Lawyers also provide a necessary buffer in what can be an emotional process. Peter Graubard, a real estate lawyer since 1994, said lawyers were able to provide an objective assessment even while advocating for buyers.

“I’m really the only involved party whose fee doesn’t depend on the deal closing,” Mr. Graubard said. “I get paid for my lack of a conflict of interest.”

Mr. Malin, who worked for a short time as a real estate lawyer before joining Citi Habitats, says it is especially important for first-time buyers to have a lawyer on their side. A real estate agent can help with some aspects of the process, but a lawyer is the one who performs crucial due diligence and helps finish the deal.

At the start of the buying process, the lawyer helps negotiate the contract. Michael P. Kozek, a lawyer at Jeffrey S. Ween & Associates, says that most of the drafting is done by the seller’s lawyer, but that there should be a chance to review the terms and try to adjust them.

The buyer’s lawyer will also dig into the information available about a property, looking at a co-op’s finances and the minutes of its board meetings. Some buyers with a background in finance believe they can handle this part by themselves. But, Ms. Kory said, they may not know the customary tax breaks and accounting methods used by co-ops, which can lead to serious misunderstandings.

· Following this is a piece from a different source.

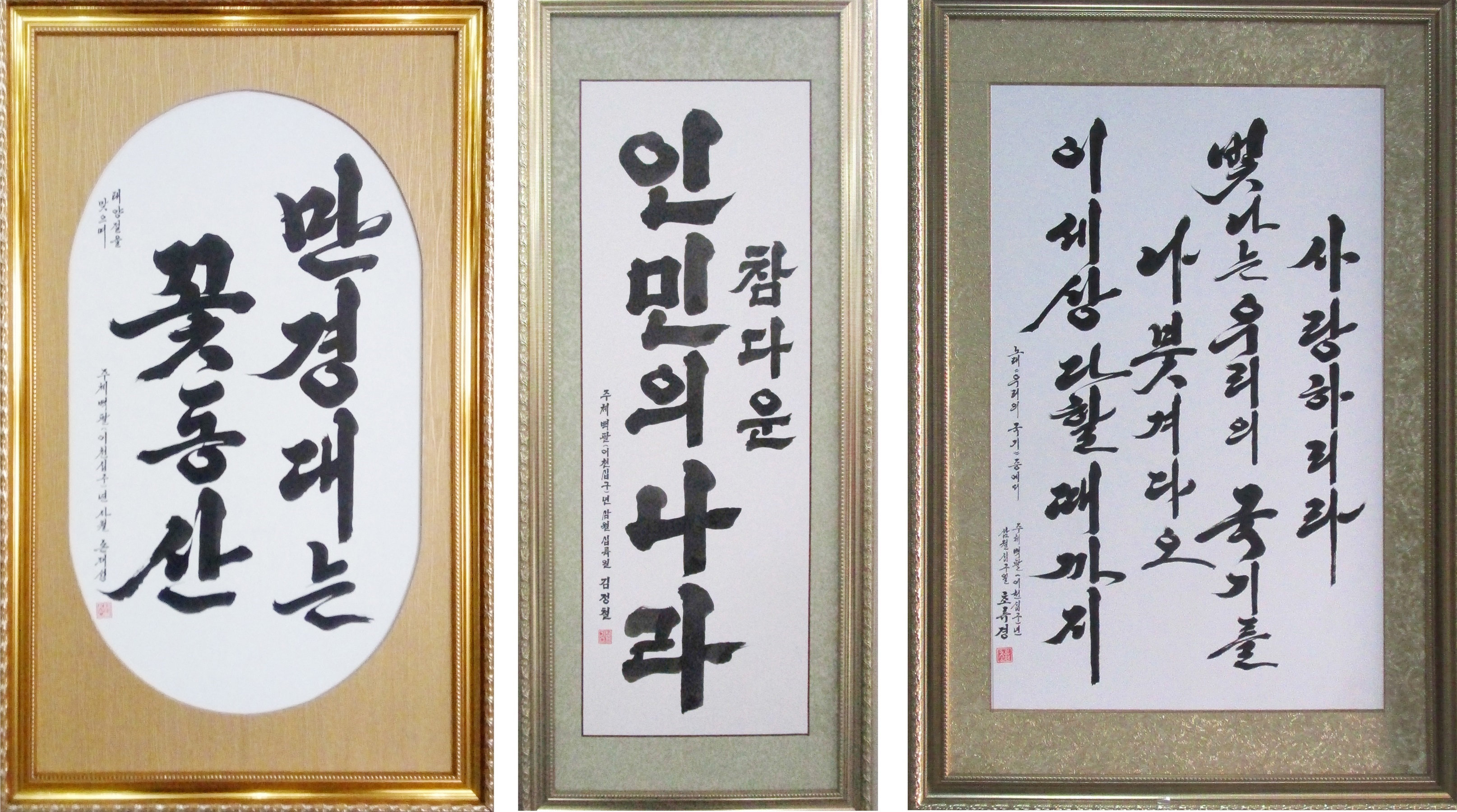 国レベルの書道展とデッサン展で評価の高い鉛筆画「生物時間」、「けなげな心」、「母の日に」、書道「マンギョンデは花園」、「真の人民の国」、そして「テーブル時計のデザイン」、「鏡のデザイン」を始め、数多くの作品はユンさんの教え子たちが創作したものです。

Michael W. Goldstein, a lawyer who has handled residential real estate deals for more than 20 years, says an experienced lawyer is also easily able to spot in the board’s minutes any issues that may percolate into problems. Perhaps there is talk about a loud resident who is to be the buyer’s neighbor, or discussion of a balky boiler that may need expensive repairs not accounted for in the building’s capital improvement plan.

Because experienced real estate lawyers see a lot of contracts and know the customs, they can also help cut through roadblocks. For that reason, Ms. Kory said, it is usually a mistake to hire a lawyer who does not have extensive familiarity with residential deals.

Lawyers and real estate agents both say that the best way to find a lawyer is through word of mouth, in the best case from a friend or a family member. But if that option is not available, real estate agents are often happy to refer someone with whom they have worked.

Ms. Kory says she often advises clients to talk to two or three lawyers, and then choose one, before making any offer on a home. That might seem premature, she said, but having good representation lined up can help ensure that you get the home you really want.

“Having a lawyer makes you look more capable of following through on the deal,” Ms. Kory said. “Even if you are the only one bidding, you will come across stronger if you have all your ducks in a row.”

Buyers should have a few simple questions ready for prospective lawyers. First, ask about residential real estate experience — generally, more is better. Find out about experience with closings for homes similar to yours, or even in the building you are considering. Then find out how much of the work would be done by the lawyer personally, and how much (and which parts) would be handled by a paralegal.

And ask if the charge will be a flat fee or based on an hourly rate. In general, residential real estate lawyers in New York charge a fee, often between $1,500 and $2,500. More complicated or expensive deals, like buying a multifamily brownstone, for example, can take the tab closer to $5,000.

In most cases, that fee will cover a few hours of face time with the lawyer, his or her presence at the closing and a few conversations over the phone. The lawyer will spend several additional hours examining the paperwork and performing due diligence. The buyer also receives something else: more peace of mind.

“The reality is that most people are not well versed in real estate law,” said Mr. Malin of Citi Habitats. “There are a lot of things that could potentially go wrong in the process. And you could very likely regret not spending the money.”